Ugh totally NOT. Greenies are a hazard to any dog that eats them. One nearly killed my Dane. He bit off and swallowed a 3 inch piece evenwhile being supervised with it. NEVER EVER trust greenies or any other chew that looks like smooth compressed flakes. Too hazardous. 

I second the nomination for antlers tho but I think it is unlikely that the bully stick is causing or adding to your dogs chin acne. Have you talked to your vet about puppy strangles (as I know he is still relatively young) or puppy impetigo? Generally when you see chin rashes it can be related back to one of those 2 things or an allergic reaction to his food or water chemicals.


----------



## Indy (Jul 6, 2009)

misty073 said:


> Can you just give antlers straight from the deer? (well no deer attached LOL)
> 
> My son will not part with his though, he informed me today I have to go find more...he likes to stand on the deck and bang them together because he was told thats how you call deer



We found an antler that was shed by a deer in the woods and it has been our pups favorite chewie since. Not sure it gets any more natural than that!


----------



## misty073 (Mar 31, 2009)

Indy said:


> We found an antler that was shed by a deer in the woods and it has been our pups favorite chewie since. Not sure it gets any more natural than that!
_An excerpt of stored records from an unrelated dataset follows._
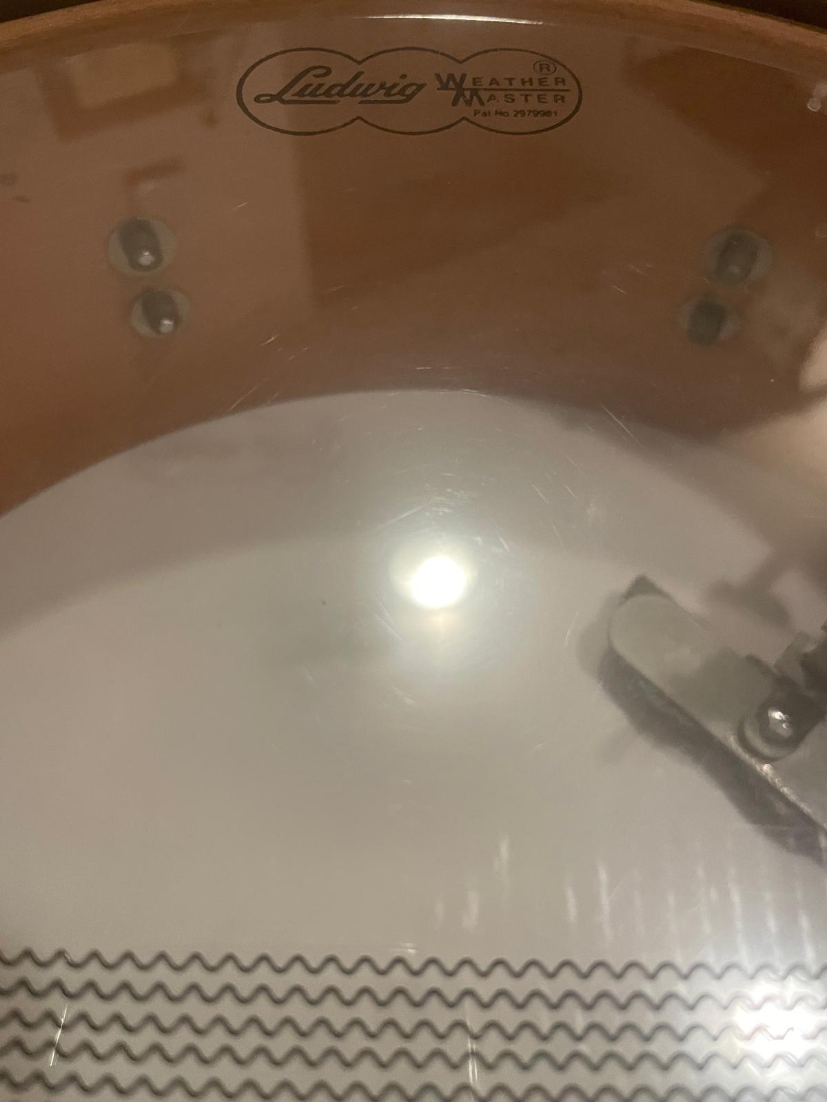 Fusti in faggio con bearing edge arrotondato, hardware in condizioni ottime senza ossidazioni. La finitura esterna è stata restaurata e lucidata da Roberto Villani (RV Drums), riportata ad un livello estetico eccellente.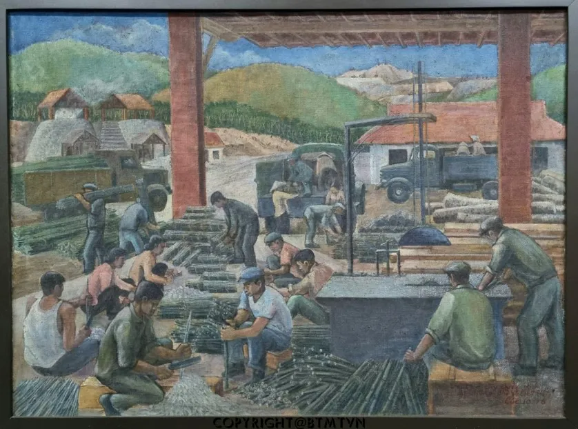 Tác phẩm "Công nhân Hà Tu vót chông" của Ngô Phương Cúc, tranh sơn dầu, năm 1978.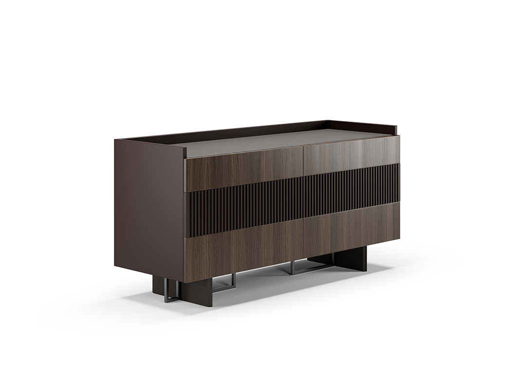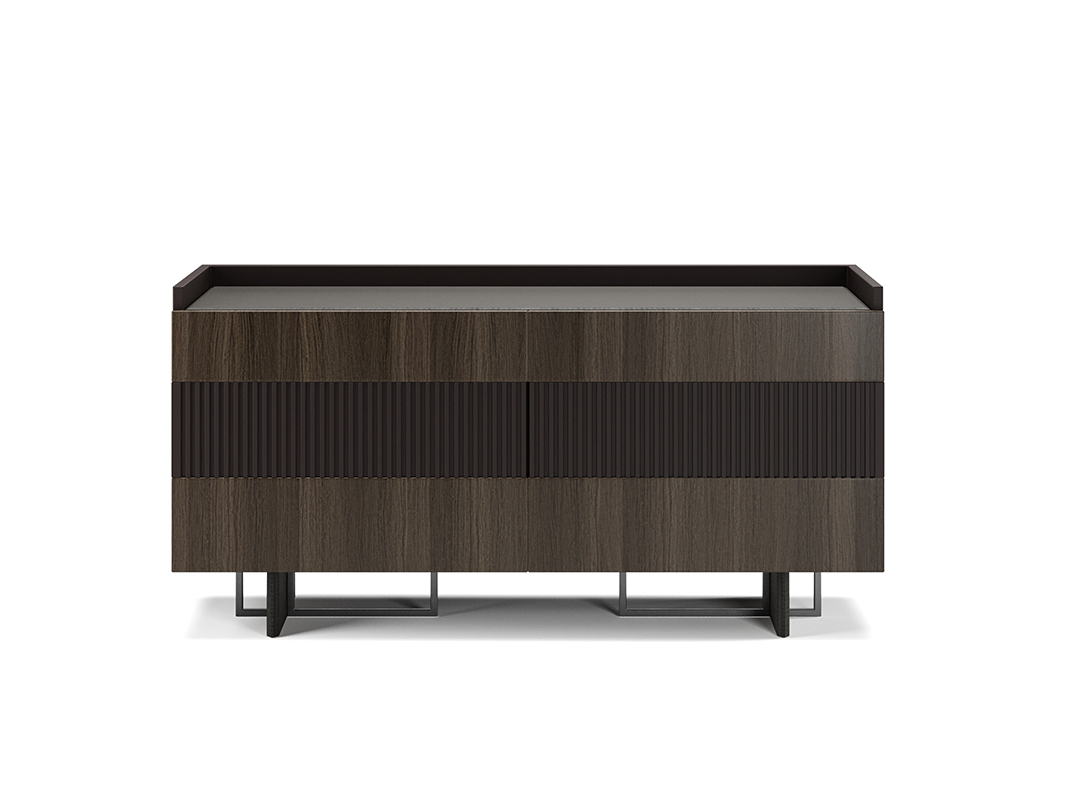 MOBILE CONTENITORE TRE CASSETTI CON VANO A VISTA, GAMBA CON TELAIO IN METALLO E PANNELLO IN PELLE

I went looking for some the other day LOL with no luck...I have two sitting on my mantle and my son wont let me have them...I even tried to buy them from him (he is 5) with no luck ...we are going camping this weekend so hopefully I will find some .


----------



## kimrisa (Jan 9, 2010)

I'm going to try the raw sweet potato...great idea! We have a vet appt on Friday so I will ask about the puppy impetigo. 

As for cow ears, Dog treat warehouse sells cow ears. I doubt that Tuffy will go for the white kind but would probably dig the basted kind, which are apparently all natural and odorless. Should I give those a shot? I've pasted URL below in case anyone is interested!

http://dogtreatwarehouse.com/cowears.html


----------



## Angel's_mom (May 26, 2010)

My dog won't touch bully sticks or pig's ears. I didn't know antlers were a good option! My dad's dogs find them and chew on them all the time... uh, sometimes with the deer attached. Maybe I can get some. That's IF she'll chew on them. She prefers things like pacifiers and sippy cups.


----------